12/11 (after the close) update: TSLA continued it’s rally being up almost 6% on the day. The conventional thinking would be that a Calendar spread would be a terrible way to trade such a strong up-trending stock. Clearly that’s not the case as my open profit on the position is now $9,145 with plenty of room to add additional profits!

12/13 Update: Time marches on so the positive Theta from the $TSLA Call Calendar continues to add profits to the position. The open profit is over $10,000 and I’m now risking $4,250 ($10,000 open profit-$5,570 minimum profit) to potentially make up to another $10,000. I’ll hold the position over the weekend and carry it into expiry week.

12/14 Weekend Update: Just a quick review of the original 2 trades that initiated the position as a 385 Call Calendar. Below is the risk profile of just that position. It’s showing as if I hadn’t made any of those rolling trades to keep re-positioning the peak of the Calendar higher in price. My current open profit is over $10,000 however, if I hadn’t rolled the position up, my open profit would be just $1,604 and my bullish trade would actually be bearish. Quite a difference!

12/16 Update: And 1 more roll-up while taking half the size of the position off. It was a 20 lot before the prior trade and that trade took it down to a 10-lot and now today’s trade took it down to a 5 lot and rolled the strike up again. Just trying to squeeze every last drop of profit out of this trade without exposing the position to excessive risk if TSLA makes a big move up or down over the next 4 days. Here are all my fills including today’s trade.

And here is what the current risk profile of the trade looks like. The position’s open profit is now $11,400. It’s the gift that just keeps on giving during this holiday season!

12/17 Update: Sold 3 of the 5 remaining Calendars and brought in another $1,950.

Total profit is now $11,645

12/20 Update: Closed out the final 2-lots of the position for a total credit of $1,274. That brings the total profit in the Rolling Calendar Spread to $12,919.

The number 1 reason, in my opinion, why traders lose money on a multiple Calendar strategy is that they don’t take any money off the table. They keep adding more Calendars and more cost to their basis and eventually the cost exceeds the maximum potential profit! Consider the concept of using a Calendar as a directional trade where profits are taken incrementally as time progresses and rolling the strikes further OTM if price continues to trend in the expected direction. Don’t wait until expiry trying to achieve that maximum profit. Consider initiating a single OTM Call Calendar and, if the price of the underlying moves higher, then consider exiting that Calendar at a profit and adding a new OTM Call Calendar if the chart still appears to be bullish. You’ll have reduced your net risk while continuing to carry forward a trade that will generate positive Theta if price continues to rise.

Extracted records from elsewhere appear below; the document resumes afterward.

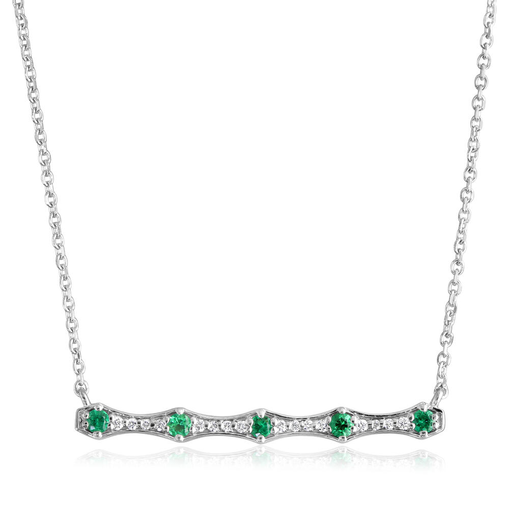 14K White Gold Emerald/Diamond Neckpiece. Total gem weight: 0.15 ct.
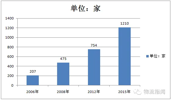 经核实,截至本次调查结束,全国包括运营、在建和规划的各类物流园区共计1210家,比2006年的207家增长484%;与2008年的475家相比,增长155%;与2012年的754家相比,增长60%。如下图所示:
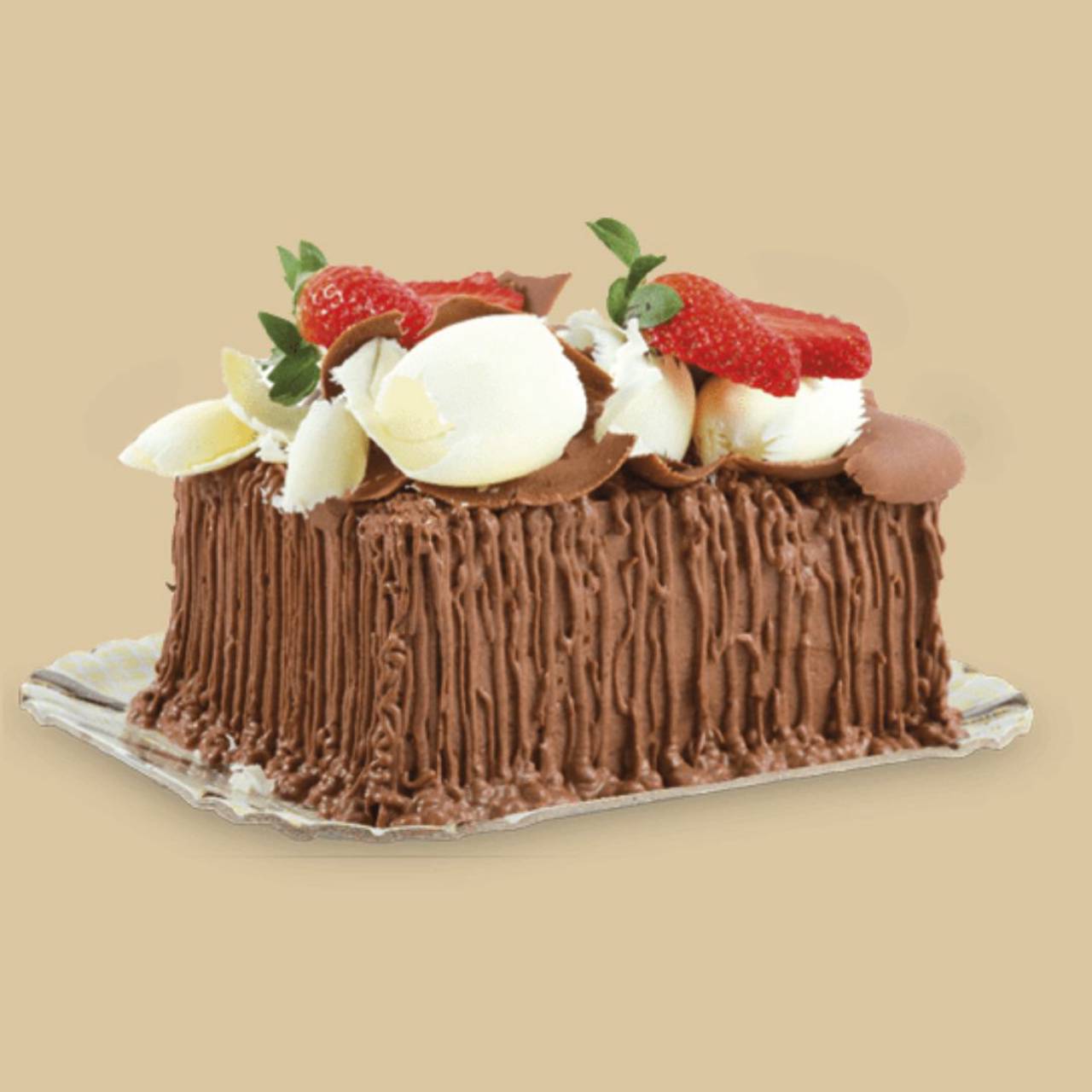 Bolo de massa de chocolate, recheio de mousse de chocolate com morangos e cocada, cobertura de mousse de chocolate preto, raspas de chocolate preto e branco e morangos (decorativos).
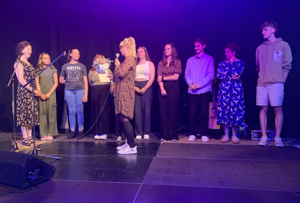 Bad Waldsee – Elena Becker-Schramms Schüler gaben auf ihrem Sommerkonzert am 5. Juli im Jugendhaus „Prisma“ feinste Kostproben des Erlernten. Acht Sängerinnen und zwei Sänger gestalteten das Konzertprogramm. Die bewährt-vorbildlichen Motivationskünste der Musikpädagogin, gemischt mit viel Probenfleiß, waren mal wieder entscheidende Bausteine für das halbjährlich stattfindende Konzert. Selbst das zeitgleiche Viertelfinale der Fußball-EM konnte die Besucherzahlen nicht schmälern, unter ihnen ein erklärter Fußball-Fan, Bürgermeisterin Monika Ludy. Am Ende des Konzerts äußerte sie sich sehr wertschätzend zu den gebotenen Leistungen aller Beteiligten.
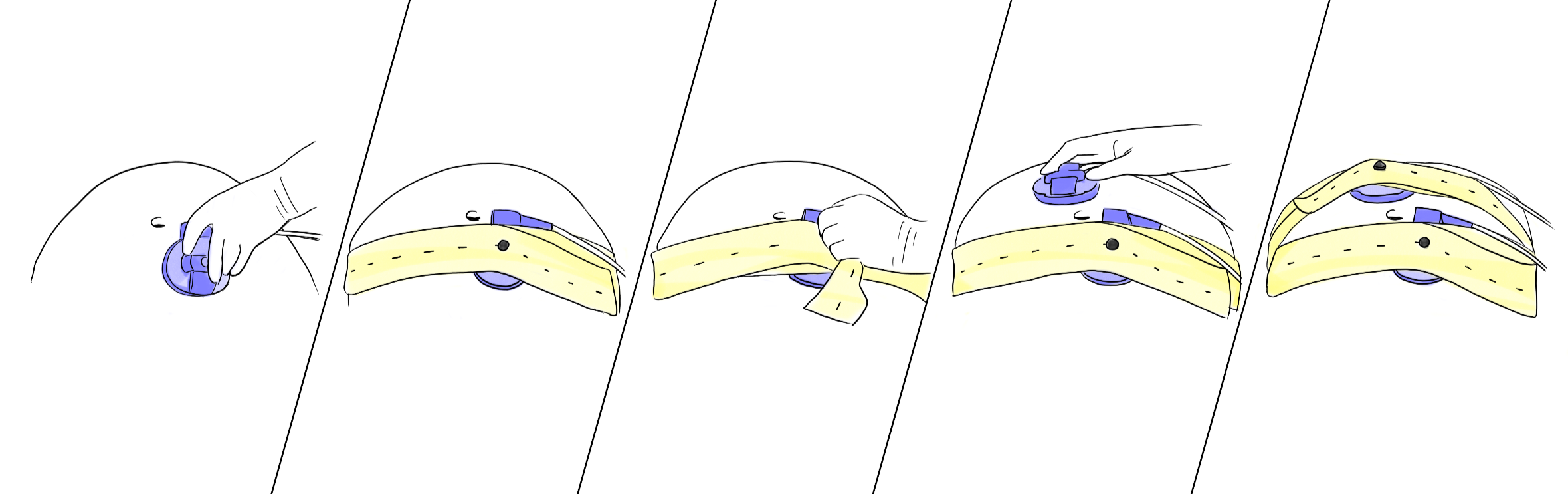 Wrap elastic straps around the mother’s abdomen. Plug the sensors into the fetal monitor machine.

Leave any questions or comments down below!

2 thoughts on “The Rolling Calendar Spread”

  1. Your first Calendar was about a 30 delta with 30 days to expiry. Is that a standard delta and time to take? Also, what about buying a long strike further out in time from the short strike and then rolling the short strikes each week for more premium?

    Reply
    • 30 Delta is a typical level that I trade but I generally try to target a time frame that lines up with my chart analysis. The strategy you mention of buying a longer duration option and selling multiple shorter term options against it over a period of time is a popular way to trade these but the reason I don’t favor that is the high cost at initial trade entry. If price moves against you at the beginning of the trade it’s likely you’ll need to stop out to avoid a large loss. If these positions are ‘cheap’ to buy initially it’s easier to stay with them even if price doesn’t cooperate right away. If price trends higher then the rolling reduces net cost even more or, in some cases, locks in a profit while continuing to benefit from a bullish position.